Изменить размер шрифта - +

"Ах, сестра, как мучительна оборотная сторона славы! Черт побери, да здравствуют лавочники!.. Вот счастливцы! Впрочем, нет, они всю жизнь проводят, торгуя мылом и швейцарским сыром!.. В таком случае долой лавочников! Да здравствуют литераторы!"

Порою он отдыхал от своего "Кромвеля", "делая наброски к небольшому роману в античном духе..."

"Выхожу редко, - писал он, - но когда у меня ум за разум заходит, я развлекаюсь прогулкой на кладбище Пер-Лашез!.. Но, даже навещая мертвых, я замечаю только живых".

Да и в своей мансарде на улице Ледигьер он порою принимал живых. Мать привозила свиной окорок, и это улучшало его обычный рацион. Дядюшка Даблен по-прежнему навещал его. Оноре всякий раз ожидал его прихода, чтобы поговорить о театре, о книгах, о политике с этим торговцем скобяными товарами, любившим классиков и придерживавшимся либеральных взглядов. "Коварный дядюшка, вот уже шестнадцать долгих дней я вас не видел. Как это дурно с вашей стороны, ведь вы - единственное мое утешение... Знайте, целую неделю я живу как в преисподней. Я ничего не видал, ни о чем не слыхал, никто мне и словечка не написал; даже мамаша Комен и та не показывается".

Ему уже осточертели англичане-цареубийцы, и все же он днем и ночью заставлял себя воспевать их французским александрийским стихом. "Я твердо решил: хоть околею, но доведу до конца "Кромвеля" и напишу еще кое-что, прежде чем матушка потребует у меня отчета, на что я убил время". Впрочем, театр должен был стать только первым шагом. Он писал Лоре, которой привык поверять свои заветные мысли, что Французская революция еще далеко не закончена и что в дни политических кризисов возникает потребность в литераторах, ибо они знают человеческое сердце, - словом, если он будет держаться молодцом, а Оноре на это надеется, то добьется не только литературной славы, но и славы великого гражданина. "Я уподобляюсь Перетте с кувшином молока... Если в Вильпаризи ненароком продают гениальность, купи для меня, да как можно больше".

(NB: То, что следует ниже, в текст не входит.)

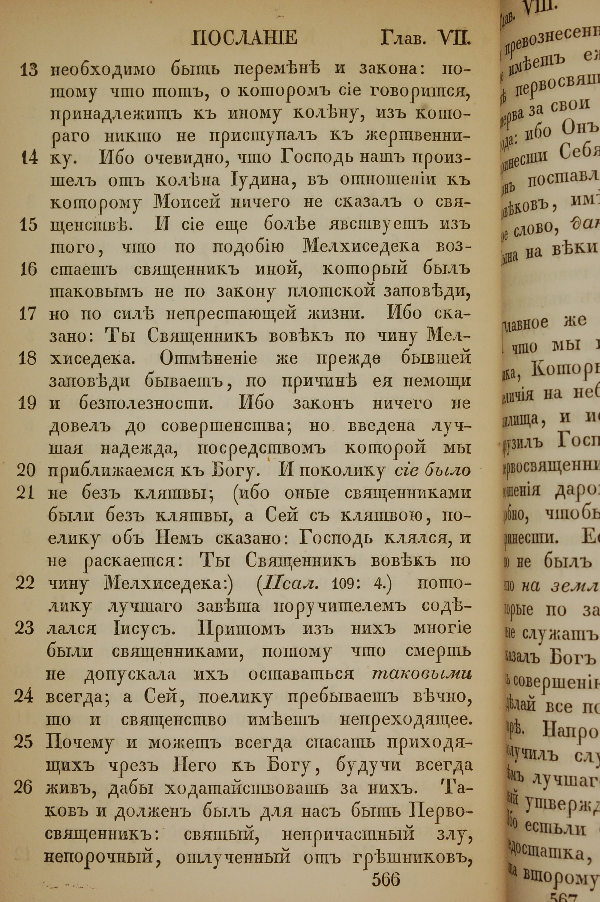 1855年俄文新约全书 希伯来书 7 章 13 节到 7 章 26 节

Он мечтал о том, чтобы в его мансарде стояло фортепьяно и можно было бы отдохнуть между двумя тирадами из трагедии, играя любимую пьесу - "Сон Руссо" Крамера. Запрет показываться на людях тяготил его. В октябре 1819 года он писал Теодору Даблену:

"Я еще не видел ни одной пьесы своего старого генерала Корнеля. А это очень плохо для новобранца. Так хочется посмотреть "Цинну", что порою просто подмывает купить билет в огражденную перилами ложу. Кто, черт побери, разглядит меня из партера в толпе?"

Оноре похудел, побледнел, глаза у него ввалились, отросла борода, и вид был такой, точно он "вышел из больницы или играет роль в мелодраме". Он страдал от сильной зубной боли, но лечиться не хотел, заявляя, что "волки никогда не обращаются к дантистам, и люди должны следовать их примеру". Это великолепное рассуждение, "достойное нашего папы", привело к тому, что у Бальзака уже в юности был щербатый рот.

Сердце его осталось в Вильпаризи. Не так-то легко было оторваться от "небесного семейства". У бабушки "совсем разыгрались нервы", но она все же тайком оплачивала счета переплетчика, которому задолжал Оноре. Мамаша Ирида-Комен, прозванная также "балаболкой", приносила ему письма от Лоры, где на все лады повторялось одно: "Пиши, пиши, пиши". Он выполнял ее просьбу и восхищался эрудицией сестры, цитировавшей Монтескье: "Счастливы братья, имеющие таких сестер, как моя Лора". Она подтрунивала над его амурными похождениями, героиней которых была то едва знакомая ему барышня с третьего этажа, то еще какая-нибудь девица. "Ох уж эта Лора! Она желает видеть во мне Ловеласа! Но почему, скажите на милость? Добро бы я был Адонисом или Селадоном, а китайскому болванчику место не в алькове у дамы, а на ее камине". Оноре хотел бы, чтобы она представила его себе в ночном одеянии: на нем шерстяная фуфайка, а поверх - старый каррик, ибо в мансарде ледяная стужа; он просил сестру прислать ему колпак из красной мериносовой шерсти, подбитый ватой, словом, как у папы.